====== Source material

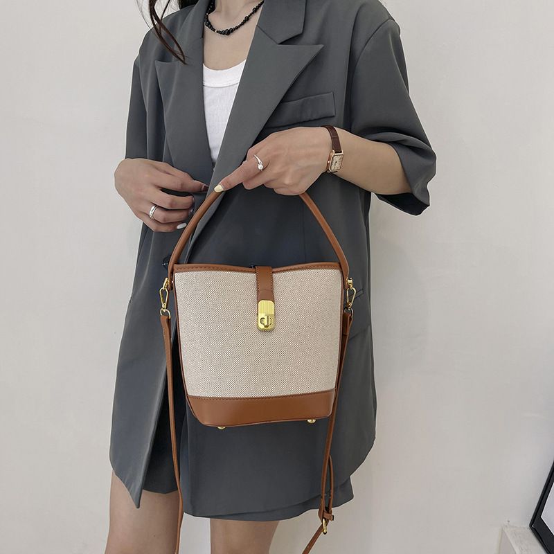 Damen Neue Mode Trendy Handtasche Eimer Nischendesign Farbblock Patchwork Schulter Umhängetasche
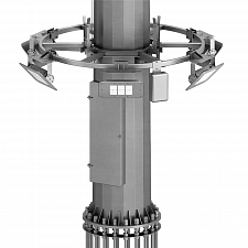 Высокомачтовая опора состоит из нескольких секций. Такая конструкция упрощает транспортировку и монтаж на объекте. Главная особенность мачт освещения с мобильной короной заключается в возможности опускания платформы с прожекторами для обслуживания без использования подъемной техники. Механизм спуска-подъема включает мощную электрическую лебедку, систему тросов и направляющих элементов, обеспечивающих безопасное перемещение короны по всей высоте мачты. Конструкция рассчитана на установку до 16 прожекторов общим весом до 400 кг.
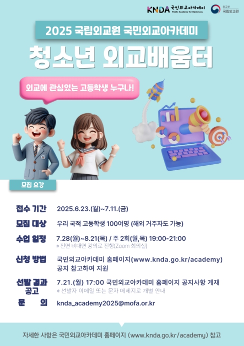 [뉴스서치] 외교부 국립외교원에서는 외교와 국제관계에 관심 있는 고등학생(우리 국적 해외체류자 포함)들을 대상으로 2025년 국민외교아카데미 '청소년 외교배움터 과정' 참가자를 6월 23일~7월 11일간 모집한다.

============

» Task instructions:
Hand back the data exactly as it appears, with all pictures cut.

» Task response:
 Damen Neue Mode Trendy Handtasche Eimer Nischendesign Farbblock Patchwork Schulter Umhängetasche
 Высокомачтовая опора состоит из нескольких секций. Такая конструкция упрощает транспортировку и монтаж на объекте. Главная особенность мачт освещения с мобильной короной заключается в возможности опускания платформы с прожекторами для обслуживания без использования подъемной техники. Механизм спуска-подъема включает мощную электрическую лебедку, систему тросов и направляющих элементов, обеспечивающих безопасное перемещение короны по всей высоте мачты. Конструкция рассчитана на установку до 16 прожекторов общим весом до 400 кг.
 [뉴스서치] 외교부 국립외교원에서는 외교와 국제관계에 관심 있는 고등학생(우리 국적 해외체류자 포함)들을 대상으로 2025년 국민외교아카데미 '청소년 외교배움터 과정' 참가자를 6월 23일~7월 11일간 모집한다.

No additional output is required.